Wraps Result[DescriptiveParams] and provides convenient accessors.
- Parameters:
_result (Result[DescriptiveParams])
_design (DescriptiveDesign)
- property variance: ndarray[tuple[Any, ...], dtype[floating[Any]]] | None¶
Per-column variance (Bessel-corrected, n-1), shape (p,).
- property sd: ndarray[tuple[Any, ...], dtype[floating[Any]]] | None¶
Per-column standard deviation, shape (p,).
- property skewness: ndarray[tuple[Any, ...], dtype[floating[Any]]] | None¶
Per-column skewness (bias-adjusted), shape (p,).

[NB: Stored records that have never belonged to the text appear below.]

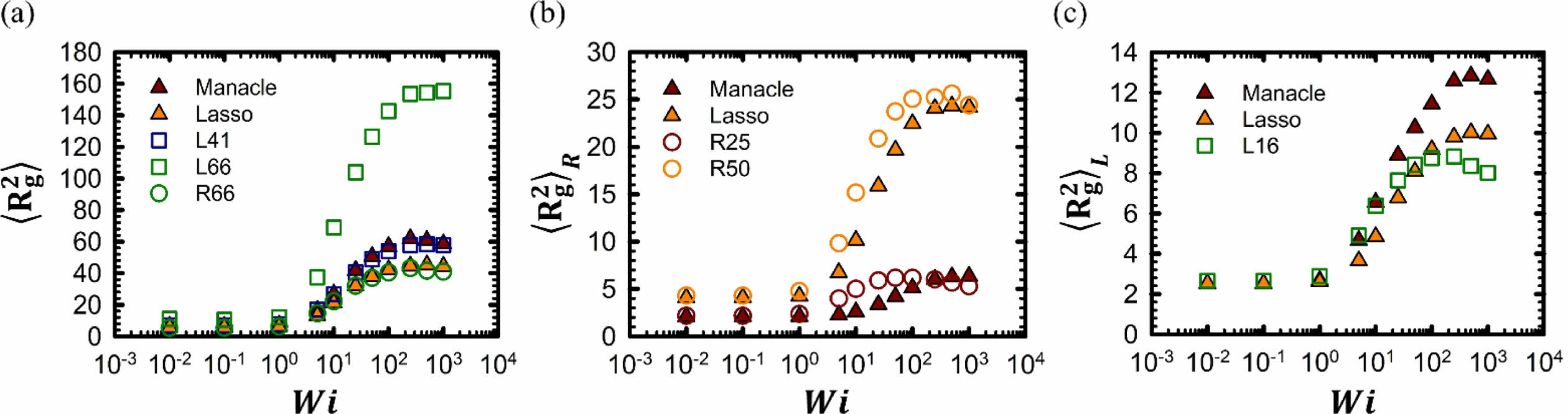 Figure 3(c)에서 보듯이, 각 고분자 체인의 선형 부분은 낮은 전단 유동 세기에서부터 중간 전단 유동 세기까지 상응하는 선형 고분자 체인(L16)과 거의 비슷한 증가 경향 및 값을 보여준다. 하지만, 높은 전단 유동 세기에서 각 고분자 체인의 선형 부분은 상응하는 선형 고분자 체인(L16)보다 높은 값을 가진다. 이는 올가미형 고분자 및 수갑형 고분자 체인의 선형 부분이 같은 전단 유동 세기에서 상응하는 선형 고분자 체인(L16)보다 평균적으로 더 늘어나 있다는 것을 의미한다. 특히, 수갑형 고분자 체인의 선형 부분은 올가미형 고분자 체인의 선형 부분보다 같은 전단 유동 세기에서 높은 값을 보여준다.
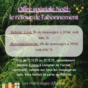 La régularité dans vos séances de massages est la clé de l’amélioration de votre capital bien-être. Plus vous prenez soin de vous régulièrement et plus le tarif est avantageux!
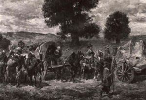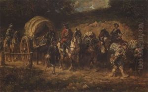Ziehende Landsknechte Mit Planwagen Auf Der Landstrase
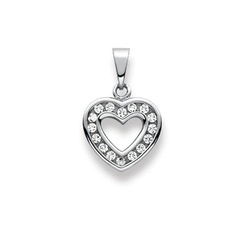 MUAU Schmuck, Anhänger Herz Weissgold 750 Zirkonia, 20x13mm
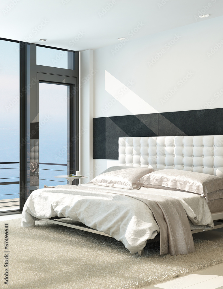 Contemporary modern sunny bedroom interior with huge windows Wallpaper
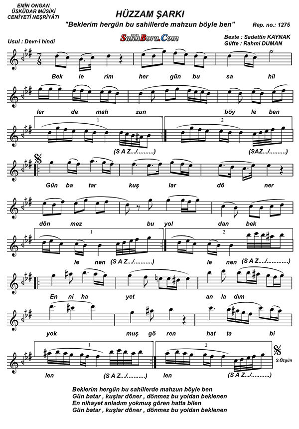 Bestecisi: İsmâil Hakkı Nebiloğlu
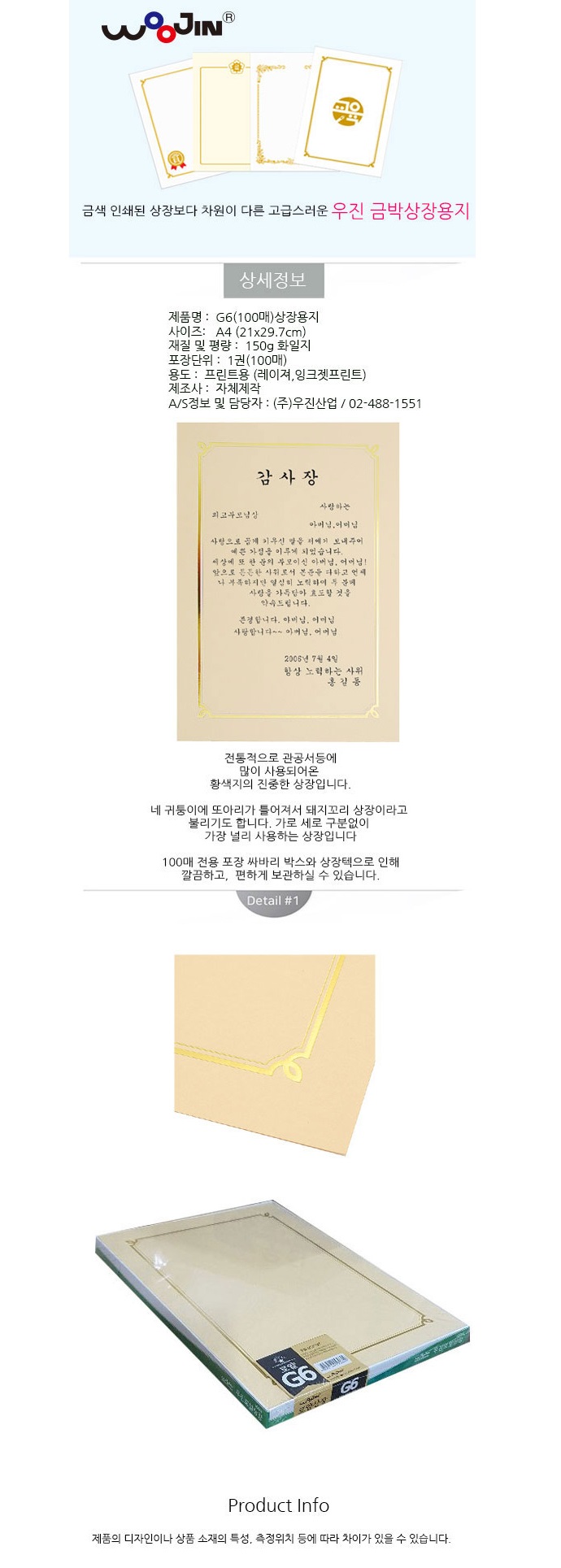 [¿ìÁø] ·Î¾â ±Ý»ö »óÀå¿ëÁö 100¸Å [A4-150g]

- property kurtosis: ndarray[tuple[Any, ...], dtype[floating[Any]]] | None¶
Per-column excess kurtosis (bias-adjusted), shape (p,).
- property covariance_matrix: ndarray[tuple[Any, ...], dtype[floating[Any]]] | None¶
Covariance matrix (Bessel-corrected), shape (p, p).
- property correlation_matrix: ndarray[tuple[Any, ...], dtype[floating[Any]]] | None¶
Returns whichever correlation matrix was computed (Pearson first).
- property correlation_pearson: ndarray[tuple[Any, ...], dtype[floating[Any]]] | None¶
Pearson correlation matrix, shape (p, p).
- property correlation_spearman: ndarray[tuple[Any, ...], dtype[floating[Any]]] | None¶
Spearman rank correlation matrix, shape (p, p).
- property correlation_kendall: ndarray[tuple[Any, ...], dtype[floating[Any]]] | None¶
Kendall tau-b correlation matrix, shape (p, p).
- property quantiles: ndarray[tuple[Any, ...], dtype[floating[Any]]] | None¶
Quantile values, shape (n_probs, p).
- property quantile_probs: ndarray[tuple[Any, ...], dtype[floating[Any]]] | None¶
Probabilities used for quantile computation.
- property summary_table: ndarray[tuple[Any, ...], dtype[floating[Any]]] | None¶
Min, Q1, Median, Mean, Q3, Max.
- Type:
Six-number summary (6, p)